Smith snorted audibly, but I thought I saw a flash of something like embarrassment slide across Kathleeya’s face.
“I’m sorry, Mr. Shepherd. We felt this was the appropriate security to impose under the circumstances. Please don’t take it personally.”
“So it’s not personal, it’s just business.”
“You will also find a text file on the disk which contains nothing but a nine-digit number,” she continued without looking at me. “That is my private cell phone number. After you have read the materials on the disk, I would appreciate it if you would call me and tell me whether you have decided to help us.”
“You mean help Plato Karsarkis, don’t you?”
Kathleeya smiled and I allowed myself to enjoy it this time.
“Interests frequently have a way of getting tangled up in odd ways, Mr. Shepherd. You have heard the saying, “The friend of my friend is also my friend.”
“As is the enemy of my enemy,” I said.
“Something like that.” She smiled again.
Smith leaned forward and spoke to the driver and the big Mercedes swung off the Expressway and made a U-turn. No one said much while we were driving back to the city, but as I juggled the DVD case in my fingers I couldn’t help but think about what I might find on that disk.
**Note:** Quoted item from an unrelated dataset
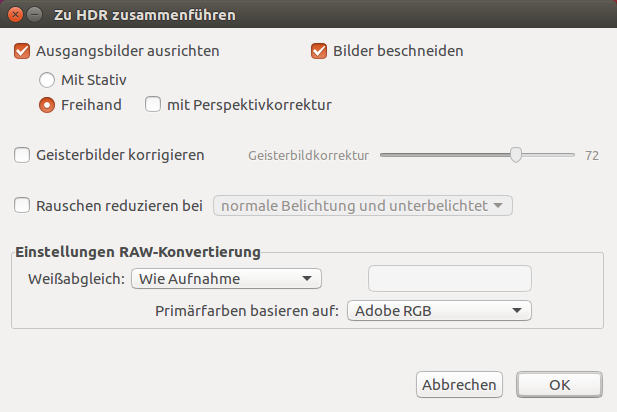 Photomatix für Linux bietet zusätzliche Einstellungen für Raw-Dateien. Diese Einstellungen sind automatisch verfügbar, wenn Raw-Dateien geladen wurden.

Her personal cell phone number, huh?
Maybe later when I told Anita about all this I’d skip over that part.
TWENTY EIGHT
After the black Mercedes dropped me off I went straight upstairs to my office, locked the door, and picked up the telephone. I dialed a number, let it ring once, and hung up. That might not be the usual way to reach someone by telephone, but then I was calling Darcy Rice and there was absolutely nothing usual about her either.
Darcy had retired to Bangkok following a career with the US government doing things about which she was now professionally vague. A lot of people figured Darcy for CIA, certainly back when she was an active government employee and maybe even still, but I doubted that was true. I was pretty sure Darcy had spent her career with the National Security Agency. The NSA monitors and intercepts all sorts of communications, breaks encryption, tasks spy satellites, and engages in a whole range of technology-driven black arts that most people would dismiss as science fiction even if they somehow found out about them, which they wouldn’t anyway. That was exactly the sort of stuff Darcy seemed to know everything about, which was why I had made her for NSA right from our earliest conversations.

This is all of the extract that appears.